Directions for this task => Each record that follows is to be reproduced character for character, pictures excepted.

[[ Data to use, beginning ]]

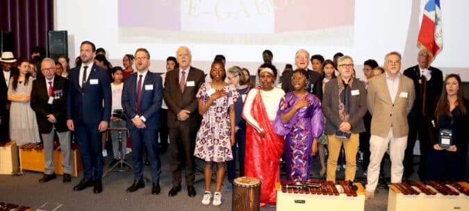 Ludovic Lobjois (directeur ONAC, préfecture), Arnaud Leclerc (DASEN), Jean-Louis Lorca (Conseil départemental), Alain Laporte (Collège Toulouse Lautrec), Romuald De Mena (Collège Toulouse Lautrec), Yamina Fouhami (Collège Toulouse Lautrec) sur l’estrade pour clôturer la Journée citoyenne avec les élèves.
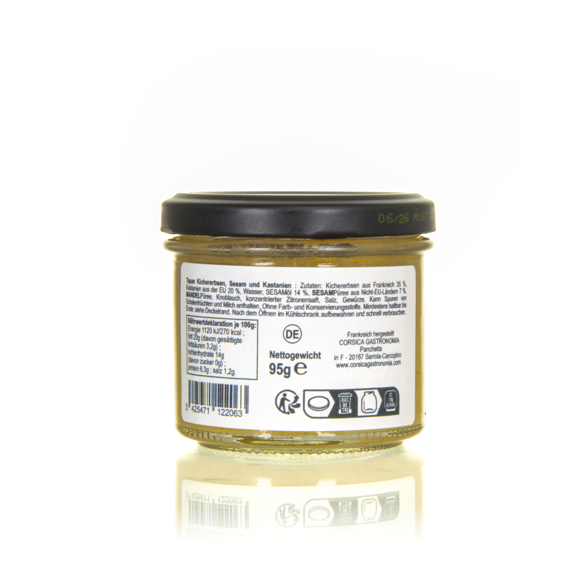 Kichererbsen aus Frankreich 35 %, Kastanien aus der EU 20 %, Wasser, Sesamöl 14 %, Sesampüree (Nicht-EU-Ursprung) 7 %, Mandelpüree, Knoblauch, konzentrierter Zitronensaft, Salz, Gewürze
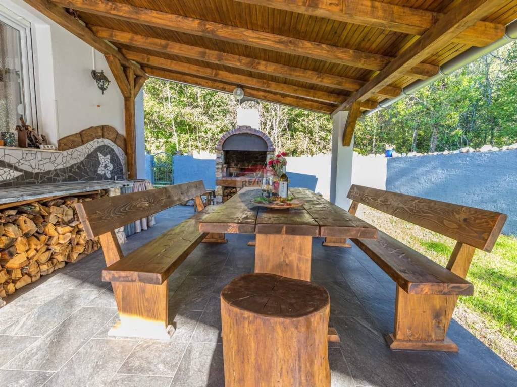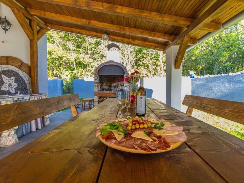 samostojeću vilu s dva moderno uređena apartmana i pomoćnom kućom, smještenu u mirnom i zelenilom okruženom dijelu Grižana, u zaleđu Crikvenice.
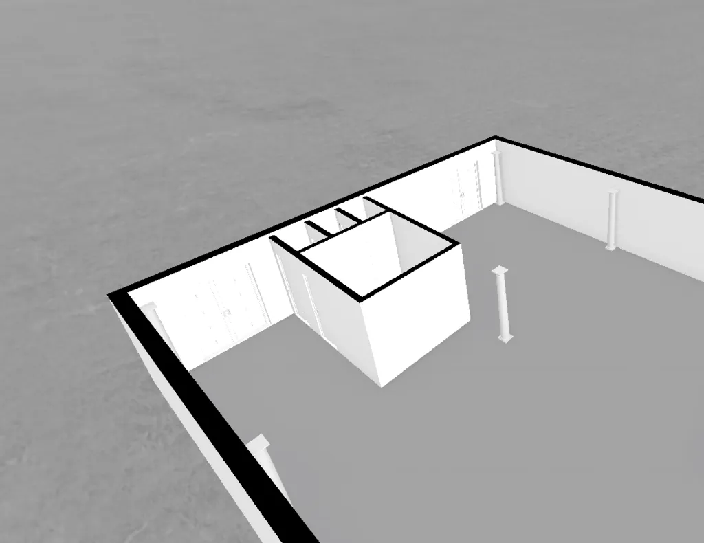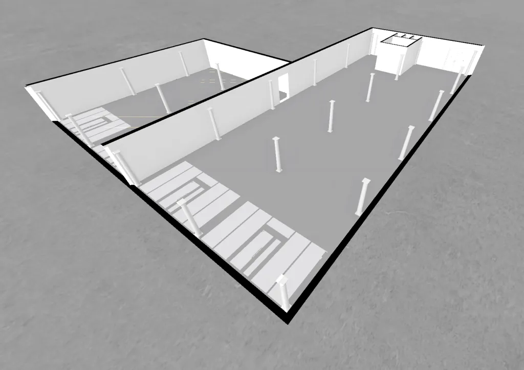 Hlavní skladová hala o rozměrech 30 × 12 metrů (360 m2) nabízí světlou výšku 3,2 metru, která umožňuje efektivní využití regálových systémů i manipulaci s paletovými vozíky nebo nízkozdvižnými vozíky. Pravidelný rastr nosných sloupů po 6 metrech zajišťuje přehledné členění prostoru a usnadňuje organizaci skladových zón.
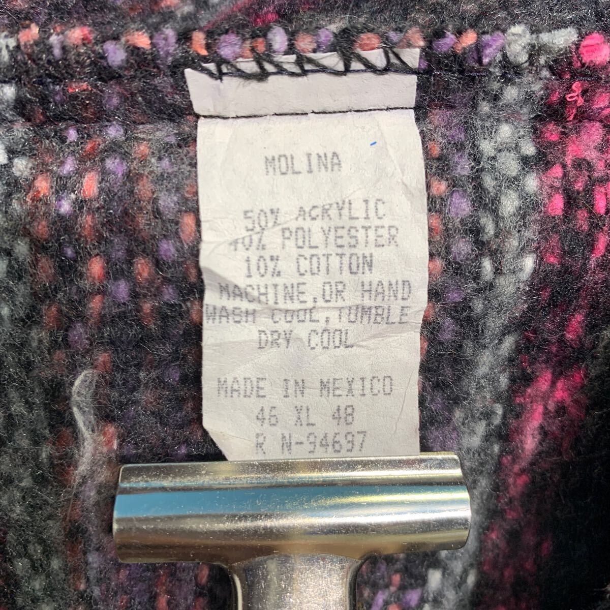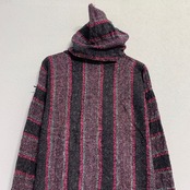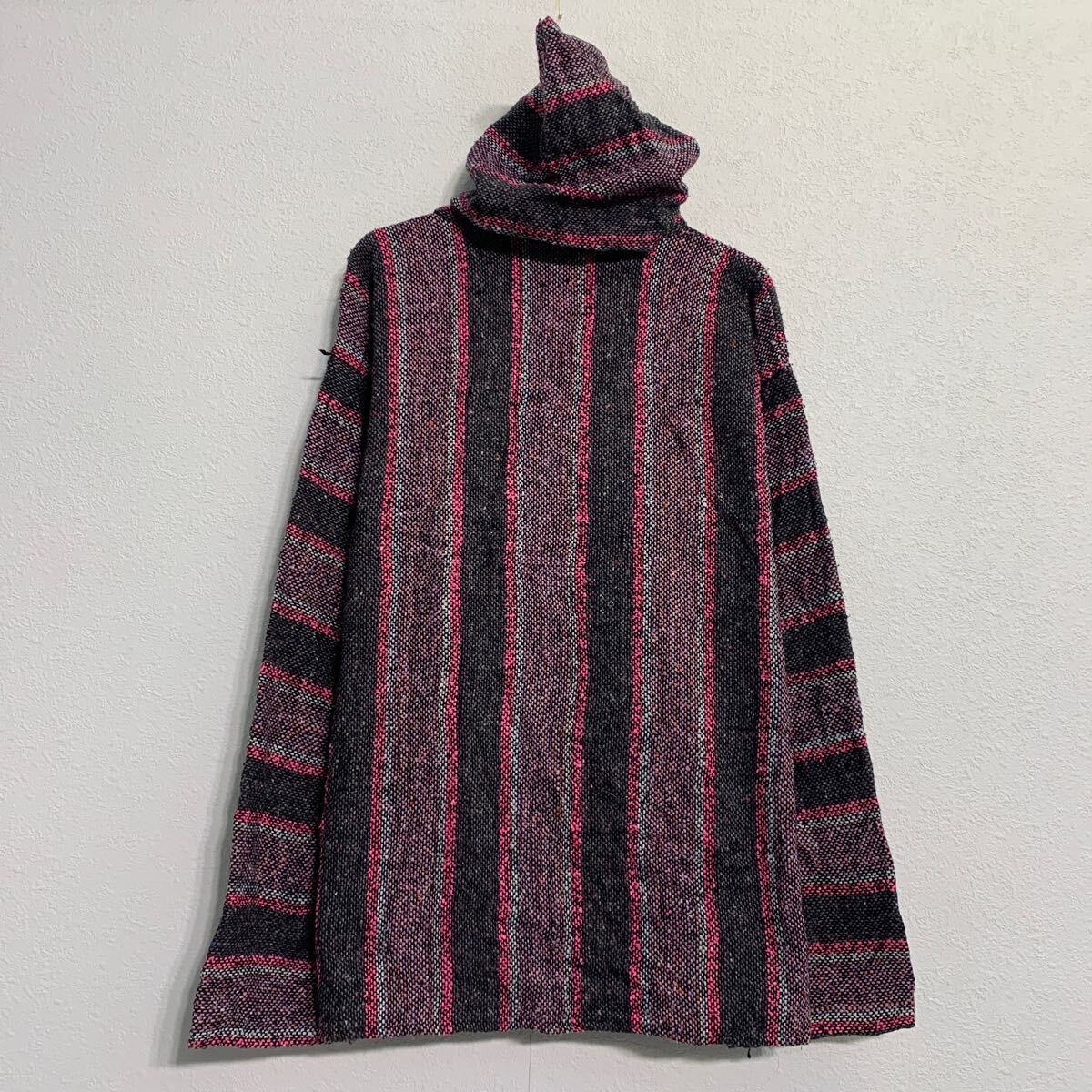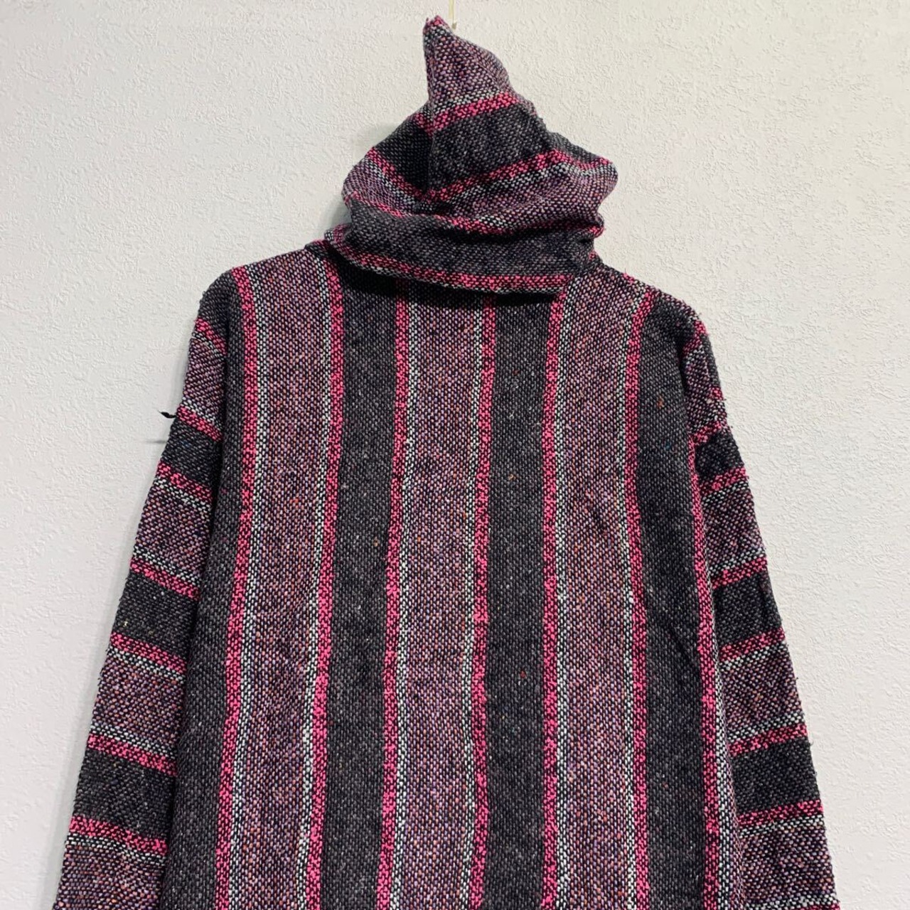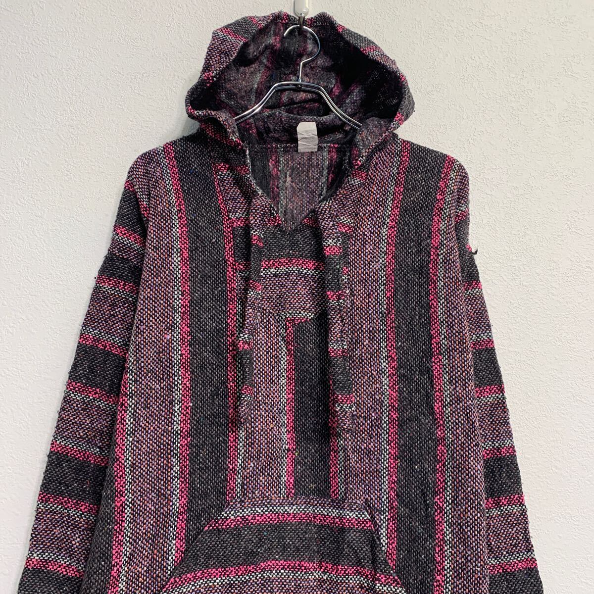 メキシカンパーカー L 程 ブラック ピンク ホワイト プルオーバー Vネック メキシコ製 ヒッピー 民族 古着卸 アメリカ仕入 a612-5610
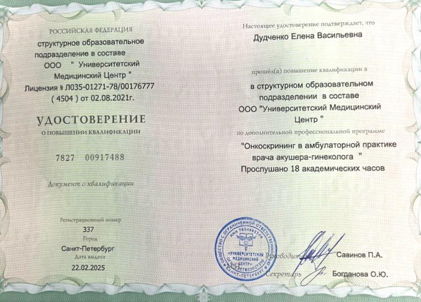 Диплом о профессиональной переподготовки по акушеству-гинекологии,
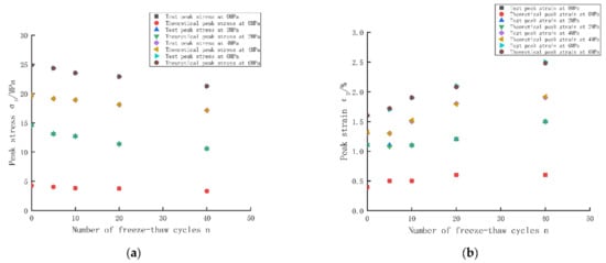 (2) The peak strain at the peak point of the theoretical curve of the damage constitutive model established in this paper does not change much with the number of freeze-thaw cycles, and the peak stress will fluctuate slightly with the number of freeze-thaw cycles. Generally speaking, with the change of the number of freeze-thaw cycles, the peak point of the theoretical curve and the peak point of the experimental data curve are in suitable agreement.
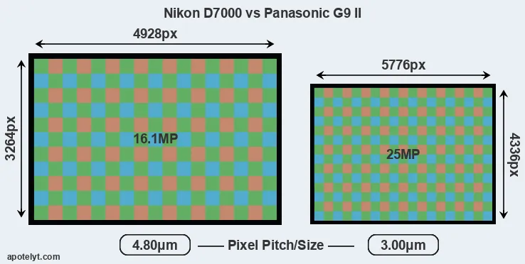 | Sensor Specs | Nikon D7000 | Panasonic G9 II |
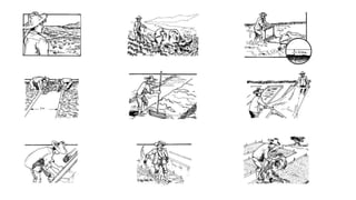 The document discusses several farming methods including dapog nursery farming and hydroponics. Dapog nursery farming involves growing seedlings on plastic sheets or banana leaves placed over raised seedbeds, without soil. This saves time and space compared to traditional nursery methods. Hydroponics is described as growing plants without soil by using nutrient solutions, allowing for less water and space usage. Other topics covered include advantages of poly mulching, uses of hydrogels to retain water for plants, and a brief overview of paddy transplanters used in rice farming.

[[ Data to use, end ]]

Response to the exercise =>
 Ludovic Lobjois (directeur ONAC, préfecture), Arnaud Leclerc (DASEN), Jean-Louis Lorca (Conseil départemental), Alain Laporte (Collège Toulouse Lautrec), Romuald De Mena (Collège Toulouse Lautrec), Yamina Fouhami (Collège Toulouse Lautrec) sur l’estrade pour clôturer la Journée citoyenne avec les élèves.
 Kichererbsen aus Frankreich 35 %, Kastanien aus der EU 20 %, Wasser, Sesamöl 14 %, Sesampüree (Nicht-EU-Ursprung) 7 %, Mandelpüree, Knoblauch, konzentrierter Zitronensaft, Salz, Gewürze
 samostojeću vilu s dva moderno uređena apartmana i pomoćnom kućom, smještenu u mirnom i zelenilom okruženom dijelu Grižana, u zaleđu Crikvenice.
 Hlavní skladová hala o rozměrech 30 × 12 metrů (360 m2) nabízí světlou výšku 3,2 metru, která umožňuje efektivní využití regálových systémů i manipulaci s paletovými vozíky nebo nízkozdvižnými vozíky. Pravidelný rastr nosných sloupů po 6 metrech zajišťuje přehledné členění prostoru a usnadňuje organizaci skladových zón.
 メキシカンパーカー L 程 ブラック ピンク ホワイト プルオーバー Vネック メキシコ製 ヒッピー 民族 古着卸 アメリカ仕入 a612-5610
 Диплом о профессиональной переподготовки по акушеству-гинекологии,
 (2) The peak strain at the peak point of the theoretical curve of the damage constitutive model established in this paper does not change much with the number of freeze-thaw cycles, and the peak stress will fluctuate slightly with the number of freeze-thaw cycles. Generally speaking, with the change of the number of freeze-thaw cycles, the peak point of the theoretical curve and the peak point of the experimental data curve are in suitable agreement.
 | Sensor Specs | Nikon D7000 | Panasonic G9 II |
 The document discusses several farming methods including dapog nursery farming and hydroponics. Dapog nursery farming involves growing seedlings on plastic sheets or banana leaves placed over raised seedbeds, without soil. This saves time and space compared to traditional nursery methods. Hydroponics is described as growing plants without soil by using nutrient solutions, allowing for less water and space usage. Other topics covered include advantages of poly mulching, uses of hydrogels to retain water for plants, and a brief overview of paddy transplanters used in rice farming.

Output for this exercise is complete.